The founder and lead vocalist of the group is Sonny, a 31-year old who hails from Houston, Texas. The other ten musicians are also native Texans and play a combination of instruments, including harmonium, dholak, qawwali tabla, violin, tambourine, pianikia, and cajon, in addition to singing.
Their performance in Occom Commons was mesmerizing, and over thirty students enjoyed the unique and eclectic sounds of the group. “Qawwali tradition is supposed to be a practice of ecstasy,” Sonny once explained in an interview for The Huffington Post, and the student audience at Occoms Commons sat on the carpet with rapt expressions which made it clear that the group’s music had achieved its intended affect.

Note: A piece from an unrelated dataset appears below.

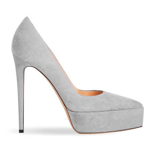 Pointed décolleté with suede upper, 3.5cm platform and 13cm heel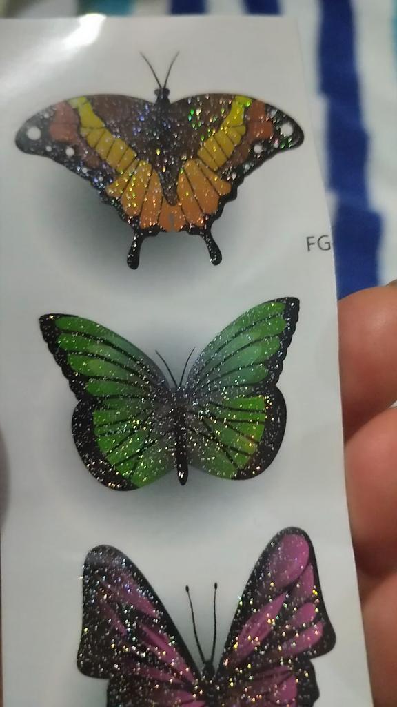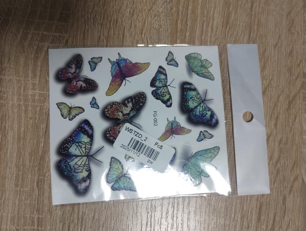 Butterflies are simply lovely. It’s not visible in the photo stated, but when I received it I saw that the butterflies with sparkles are small and can be glued to your hand. In summer, on a sunny day, they will look brilliant.

What is unique about Riyaaz Qawwali, as we discussed in our conversation after the performance, was that the group’s members hail from from numerous religious backgrounds. Musicians in the group practice Islam, Hinduism, and Christianity, and some are atheists and agnostics. The group is a testament to the power and importance of working across divides and differences of opinion.
After the performance and conversation, Living Learning Community students sat at six tables with each of the Riyaaz Qawwali artists interspersed throughout the tables. The evening was a joyous celebration of the power of music to bring diverse groups and cultures together.